When Sonya received cochlear implants, one of the first challenges we faced – before learning to listen or speak was simply – how to keep them on her head. At 3, Sonya is not yet into sports, but whether her devices will prohibit her from participating in such activities in the future is a question I have wondered and have heard from other parents of kids like Sonya.
Through Facebook, I connected with Summer Harrison, a mom to four kids, two of whom have hearing loss. Her oldest daughter, Paisley, received hearing aids at one year of age, and was implanted with cochlear implants on one ear when she was three years old, and on the second at three and-a-half.
Today, Paisley is seven-years-old. She is a competitive swimmer. Summer recently posted the below video to her Facebook page of Paisely diving into a pool during a swim meet, and mentioned how Paisley’s coach talks to her using a Mini Mic. I just had to hear more:
Can you tell us a bit about Paisley’s hearing loss? How did you learn of it?
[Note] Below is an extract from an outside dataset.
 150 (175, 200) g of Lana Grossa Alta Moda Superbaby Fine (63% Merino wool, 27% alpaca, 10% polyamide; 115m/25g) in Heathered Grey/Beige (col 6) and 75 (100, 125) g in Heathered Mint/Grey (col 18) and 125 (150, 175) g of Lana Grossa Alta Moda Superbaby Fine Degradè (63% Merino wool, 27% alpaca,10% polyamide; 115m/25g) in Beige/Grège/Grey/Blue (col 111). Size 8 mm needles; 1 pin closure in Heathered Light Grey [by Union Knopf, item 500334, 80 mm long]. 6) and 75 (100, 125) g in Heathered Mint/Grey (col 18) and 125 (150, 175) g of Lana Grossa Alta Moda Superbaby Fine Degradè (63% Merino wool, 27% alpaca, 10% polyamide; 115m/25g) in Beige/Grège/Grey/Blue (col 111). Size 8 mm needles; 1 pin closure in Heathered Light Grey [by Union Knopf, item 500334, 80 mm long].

Paisley is the oldest of four children and has a twin sister Presley. Born at 34 weeks, the girls spent two weeks in the NICU. While Paisley failed her newborn hearing screen, she was not officially diagnosed until she was ten months of age. She received her hearing aids when she was a year old. Because of my background as a Deaf Education teacher and certified interpreter, I felt it important that Paisley have access to both sign and spoken language. The hearing aids were wonderful for the first couple of years. Paisley’s spoken language skills quickly took off with the additional amplification, but at two and-a-half, we noticed that she was behaving in ways that weren’t typical for her. Her spoken language skills began to plateau and she started to increase sensory seeking behaviors and meltdowns. During this time, I also noticed Paisley become more dependent on sign language to communicate. Audiologists and speech therapists confirmed that she needed cochlear implants.
Paisley received her first cochlear implant at 3 years and 2 months, and her second five months later. While we continued to use sign language after activation, Paisley soon told me to stop signing because in her words, “she didn’t need it.” Paisley still knows some sign, but prefers to listen and speak.
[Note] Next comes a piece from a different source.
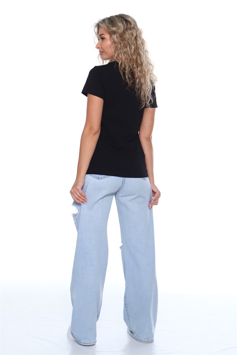 Футболка женская с оригинальным принтом, из хлопковой ткани с лайкрой. Ткань держит форму, не вытягивается, приятная на ощупь. Стильная футболка оригинального фасона. Посадка свободная.

How did Paisley get into swimming?
My parents have a pool and Paisley has always loved the water. She would stay in until we made her get out. After watching the 2016 summer Olympics, she became interested in competitive swimming. This past summer, Paisley had a few lessons with a woman who coaches competitive swimming and then Paisley tried out for a local team.
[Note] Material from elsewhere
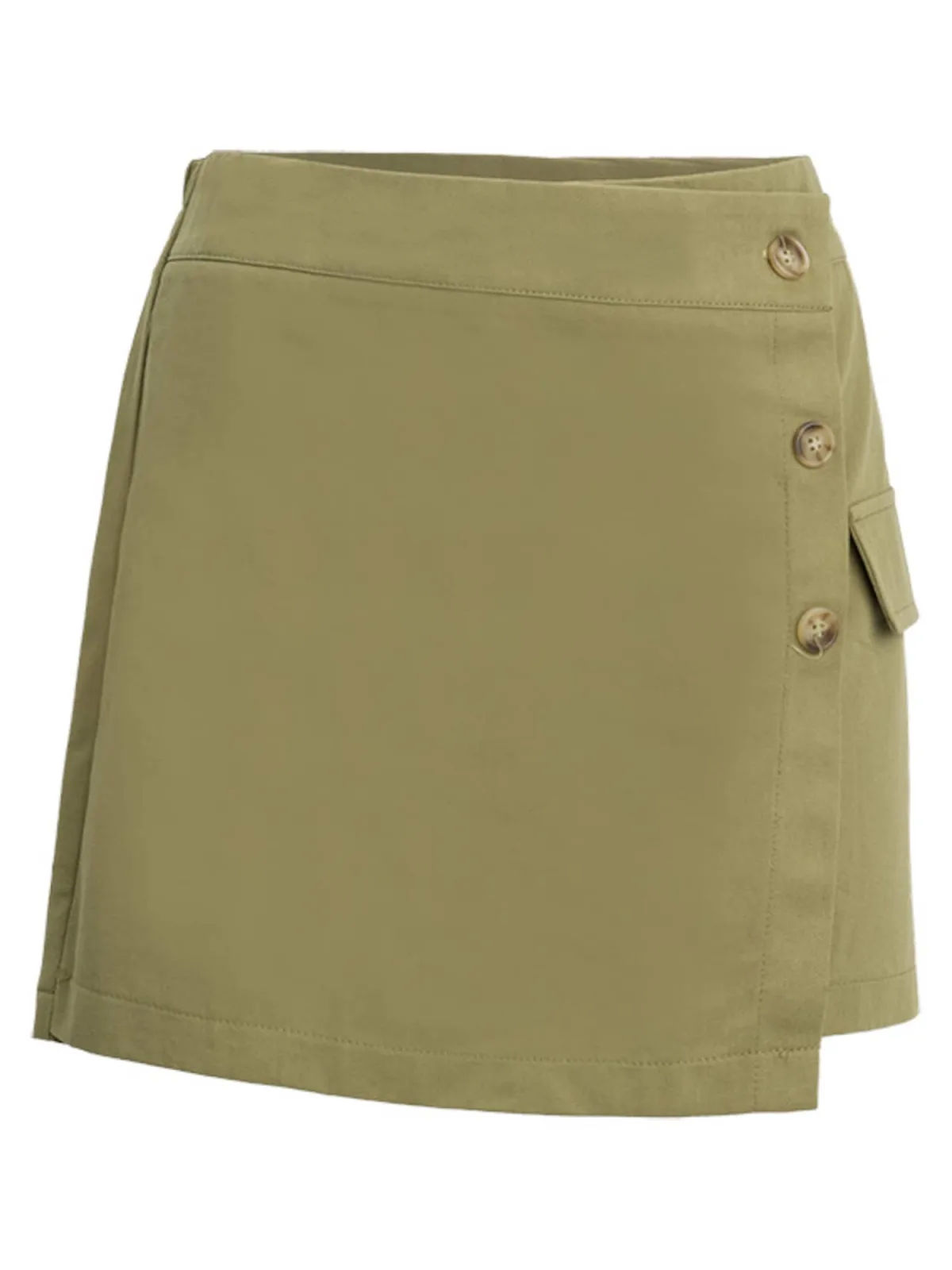 Design: Elastische taille/zoom; Type sluiting: Knoopsluiting; Materiaal: Katoen; Motief: Effen; Details: Wikkel design; Extra's: Voelt zacht aan; Lengte: Kort/mini; Pasvorm: Loosefit; Taillehoogte: Mid waist

Which device does Paisley have? Does she use additional equipment?
Paisley wears the Cochlear Nucleus 6 sound processor. She wears the Nucleus Aqua+ for swimming which is a silicone case that her processors slide into in order to make it waterproof. It comes with special coils that are made for swimming. It also has a fishing line type cable that I clip to her swimsuit in case it falls off while swimming.
How does Paisley’s coach handle her hearing loss? Is it an issue?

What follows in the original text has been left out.